Я прикусила себе язык, поняв, что ненароком задела в нём что-то живое (если в мостниках оно вообще есть).
– А может, оно тебе под стать. – вырвалось у меня уже без ехидцы. – водишь ты меня сейчас, как идущий – неизвестно куда. То ли спасаешь, то ли к краю подводишь. Одной Ткачихе известно.
Идан снова взглянул на меня. Не по-злому. Скорее с усталой признательностью.
– может и так, – согласился он. – но я хоть знаю путь. И пределы эти, куда веду, тоже знаю. А ты одна бы куда делась? Вперёд в неизвестность? Или назад на верную смерть?
Ответа у меня не нашлось.
– вот и думай, Яра, что лучше: идти за тем, кто все пути в Околье ведает или стать костями на тропинках. – закончил он, и в его тоне снова зазвучала привычная, леденящая практичность выживания.
Но теперь я слышала что-то иное. Не просто расчёт, а отчаяние того, кто знает – он лишь точный инструмент в руках незримого ремесленника. И как только его он перестанет быть нужным, то он перестанет быть вообще.
Так мы и сидели в тишине по разные стороны костра.
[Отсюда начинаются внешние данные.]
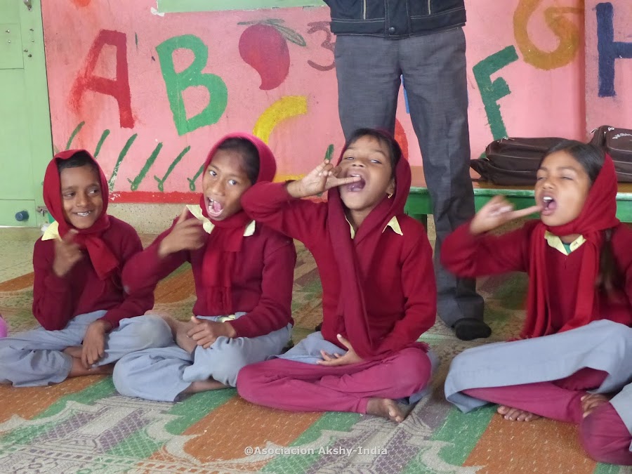 Además también hemos empleado esta donación extra para realizar una taller de limpieza dental. En este taller Ranjan ha explicado a los niños primero cuales son los problemas cuando no se lavan los dientes, qué alimentos producen caries y cómo se utiliza el cepillo de dientes. Los niños han aprendido muy bien la lección y¡han prometido lavarse los dientes todos los días! El taller tendrá lugar toda la semana cubriendo las distintas clases.

Никто из нас не решался вообще говорить после такого.
– спи уже… – вдруг произнёс Идан, словно разрешая мне это действие. – завтра дорога. А я… посижу. «со своей дорогой».
Парень вновь уставился на пламя костра, будто в углях плавились все его воспоминания до избрания его мостником. Вопреки усталости, меня пронзило острое любопытство.
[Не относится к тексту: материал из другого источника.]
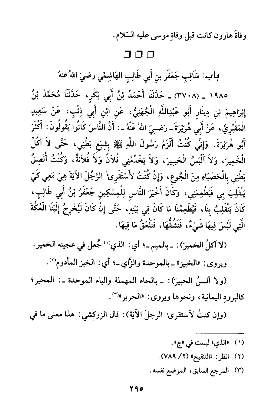 1985 - (3708) - حَدَّثَنَا أَحْمَدُ بْنُ أَبِي بَكْرٍ، حَدَّثَنَا مُحَمَدُ بْنُ إِبْرَاهِيمَ بْنِ دِينَارٍ أَبُو عَبْدِ اللَّهِ الْجُهَنِيُّ، عَنِ ابْنِ أبي ذِئْبٍ، عَنْ سَعِيدٍ الْمَقْبُرِيِّ، عَنْ أَبِي هُرَيْرَةَ - رضي الله عنه -: أَنَّ النَّاسَ كَانُوا يَقُولُونَ: أَكْثَرَ أَبُو هُرَيْرَةَ. وَإِنَي كُنْتُ أَلْزَمُ رَسُولَ اللَّهِ - صلى الله عليه وسلم - بِشِبَعِ بَطْنِي، حَتَّى لَا آكُلُ الْخَمِيرَ، وَلا أَلْبَسُ الحَبِيرَ، وَلا يَخدُمُنِي فُلَانٌ وَلا فُلَانَةُ، وَكُنْتُ أُلْصِقُ بَطْنِي بِالْحَصْبَاءِ مِنَ الْجُوعِ، وَإِنْ كُنْتُ لأَسْتَقْرِئُ الرَّجُلَ الآيَةَ هِيَ مَعِي كَيْ يَنْقَلِبَ بِي فَيُطْعِمَنِي، وَكَانَ أَخْيَرَ النَّاسِ لِلْمِسْكِينِ جَعْفَرُ بْنُ أَبِي طَالِبٍ، كَانَ يَنْقَلِبُ بِنَا، فَيُطْعِمُنَا مَا كَانَ فِي بَيْتِهِ، حَتَّى إِنْ كَانَ لَيُخْرِجُ إِلَيْنَا الْعُكَّةَ الَّتِي لَيْسَ فِيهَا شَيْءٌ، فَنَشُقُّهَا، فَنَلْعَقُ مَا فِيهَا.
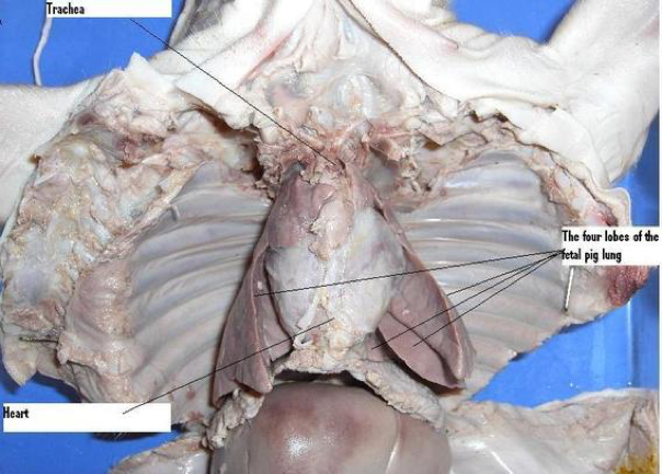 The thoracic cavity is protected by the rib cage and contains the pleural cavity containing the lungs as well as the mediastinum containing the heart. Note the 4 lobes of the lungs and how they hang relatively loose in the pleural cavity, mostly attached by the primary bronchi. As we are dissecting fetal pigs, the lungs were never inflated and are thus not fully developed.

– а ты? Спать не собираешься?
Он ответил не сразу. Лишь беззвучно, одними губами, усмехнулся.
– мне не стоит спать.
– почему это? Всяко живому существу полагается спать… – не отставала я, уже чувствуя, что снова лезу не в своё дело, но не в силах обуздать своё любопытство.
Идан тяжело вздохнул, и вздох этот был похож на стон изнурённого тяжким трудом зверя.
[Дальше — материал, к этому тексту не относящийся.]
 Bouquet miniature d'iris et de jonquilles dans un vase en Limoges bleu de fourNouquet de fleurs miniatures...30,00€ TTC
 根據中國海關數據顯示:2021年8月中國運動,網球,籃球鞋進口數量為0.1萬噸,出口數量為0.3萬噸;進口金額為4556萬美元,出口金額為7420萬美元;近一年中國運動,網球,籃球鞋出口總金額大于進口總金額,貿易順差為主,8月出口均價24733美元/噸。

– потому что когда мостник спит, спят и его стены. А стены мои – это то, чем я боль запираю. И тогда она… выходит. Находит меня. В снах. Не моих снах. – Он снова взглянул на меня глазами, в которых не было страха. Лишь усталое предвкушение ужаса. – я вижу лица тех, кому помогал. Слышу их крики. И чувствую все их раны. Как свои.
Мостник снова замолчал, словно прислушиваясь к чему-то внутри.
– Потому на «путях» мы не спим. Пьём всякую байду… по типу «бессоника». Честно говоря, гадость редкостная. Аж глаза выедает. Но эффект от него – что надо. – парень пошарил рукой у пояса, достав небольшой пузырёк. – Запаса как раз до Пределов хватит. Так что спи спокойно, Яра. Мои ужасы до тебя не доберутся. У нас с ними… свой Договор.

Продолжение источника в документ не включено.